EXERCISE REQUIREMENTS:
Would you return the data exactly as given, except for its pictures?

AVAILABLE DATA:
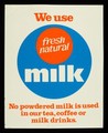 We use fresh natural milk : no powdered milk is used in our tea, coffee or milk drinks.
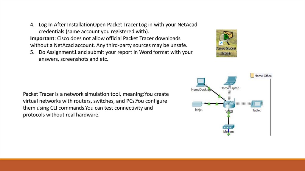 4. Log In After InstallationOpen Packet Tracer.Log in with your NetAcadcredentials (same account you registered with).
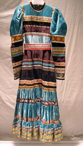 Giorgio di Sant’Angelo began his career in fashion with designs for plastic jewelry in the late 1960s. Early examples were featured in Vogue magazine under editor, Diana Vreeland and earned Sant’Angelo a Coty Award in 1968. His first clothing collections were inspired by traditional Romany and Native American dress and reflected the multicultural and do-it-yourself aesthetics of the hippie movement. The designs, which rejected the strictly tailored forms of the previous decade, featured natural silhouettes achieved through wrapping, layering, and tying fabric around the body. They earned the designer his second Coty Award in 1970. Sant’Angelo’s popularity waned along with the mode for eclecticism and fantasy in the early 1980s. He returned to favor in the late 80s with designs for wrapped, body conscious garments in brightly-colored silk stretch gauze.
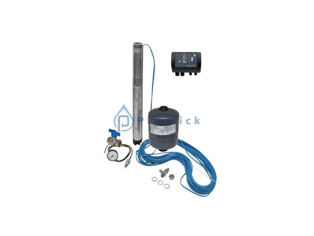 Táto zostava je určená pre aplikácie, kde potrebujete udržiavať konštantný tlak napríklad pri odbere z viacerých odberných miest. Systém udržuje konštantný tlak až do max. výkonu čerpadla bez ohľadu na meniace sa spotrebu vody. Hodnota tlaku je zisťovaná snímačom tlaku a prenášaná do jednotky CU 301. Táto jednotka v závislosti na tom nastavuje príslušnú hodnotu výkonu čerpadla. Ponorné čerpadlo Grundfos SQ 3-65 je 3-palcové kompaktné viacstupňové odstredivé čerpadlo, ktoré je určené pre čerpanie vody z úzkych vrtov a studní s jednoduchou inštaláciou a prevádzkou. Vďaka motorom s permanentným magnetom ponúkajú tieto flexibilné a kompaktné čerpadlá výbornú úroveň účinnosti.

EXPECTED ANSWER:
 We use fresh natural milk : no powdered milk is used in our tea, coffee or milk drinks.
 4. Log In After InstallationOpen Packet Tracer.Log in with your NetAcadcredentials (same account you registered with).
 Giorgio di Sant’Angelo began his career in fashion with designs for plastic jewelry in the late 1960s. Early examples were featured in Vogue magazine under editor, Diana Vreeland and earned Sant’Angelo a Coty Award in 1968. His first clothing collections were inspired by traditional Romany and Native American dress and reflected the multicultural and do-it-yourself aesthetics of the hippie movement. The designs, which rejected the strictly tailored forms of the previous decade, featured natural silhouettes achieved through wrapping, layering, and tying fabric around the body. They earned the designer his second Coty Award in 1970. Sant’Angelo’s popularity waned along with the mode for eclecticism and fantasy in the early 1980s. He returned to favor in the late 80s with designs for wrapped, body conscious garments in brightly-colored silk stretch gauze.
 Táto zostava je určená pre aplikácie, kde potrebujete udržiavať konštantný tlak napríklad pri odbere z viacerých odberných miest. Systém udržuje konštantný tlak až do max. výkonu čerpadla bez ohľadu na meniace sa spotrebu vody. Hodnota tlaku je zisťovaná snímačom tlaku a prenášaná do jednotky CU 301. Táto jednotka v závislosti na tom nastavuje príslušnú hodnotu výkonu čerpadla. Ponorné čerpadlo Grundfos SQ 3-65 je 3-palcové kompaktné viacstupňové odstredivé čerpadlo, ktoré je určené pre čerpanie vody z úzkych vrtov a studní s jednoduchou inštaláciou a prevádzkou. Vďaka motorom s permanentným magnetom ponúkajú tieto flexibilné a kompaktné čerpadlá výbornú úroveň účinnosti.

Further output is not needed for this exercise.